Может погибнуть все материальное, но оно восстановится и возродится, если выживет идеальное. Но если идеальное погибнет, наша планета останется без людей.

Я не знаю, что "первей", курица материального или яйцо идеального. Наверное, они переплетены одним единством, в котором одно перетекает в другое. И если соотносить их, одно с другим, то лучший знак между ними - равенство. Его-то, к сожалению, и нет.

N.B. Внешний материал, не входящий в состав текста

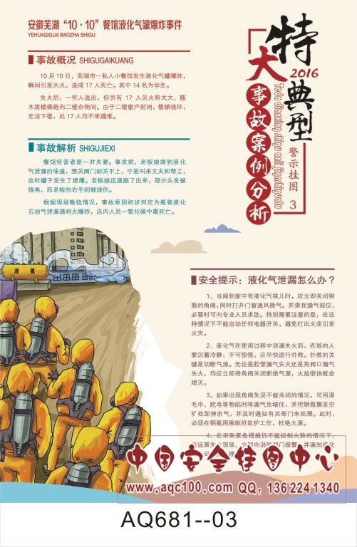 AQ681-03特大典型生产事故案例分析警示宣传挂图 安徽芜湖10·10餐馆液化气罐爆炸事件

Нет, южноуральская литература не так легковесна, как может показаться. Ее невозможно "исключить" из жизни. Она не может "пропасть", исчезнуть. Не вычеркнуть из истории "палатку с зеленым оконцем" Ручьева, "синий Урал" Татьяничевой, "Урал суровый, а на сердце нежность" Львова и его же "домны - святые", "ущелье крылатых коней" Скворцова и многое другое. Но южноуральская литература - это не только полсотни профессиональных писателей. Это сотни любителей из литературных объединений. Это тысячи тех, кто пишет "для себя". Это сотни тысяч почитателей, испытавших вкус слова. Это все мы, да, все мы, норовящие втиснуть "стишок" в любой поздравительный адрес, и те, которые вдруг берутся писать стихи "по-настоящему". Мы в этой атмосфере живем, ею дышим и потому ее не замечаем.

Литература Южного Урала вносит свои крупицы в драгоценную сокровищницу идеальной действительности, которую создает человечество.

Я и представить не могу, что произойдет в нашей жизни, если вдруг исчезнет литература.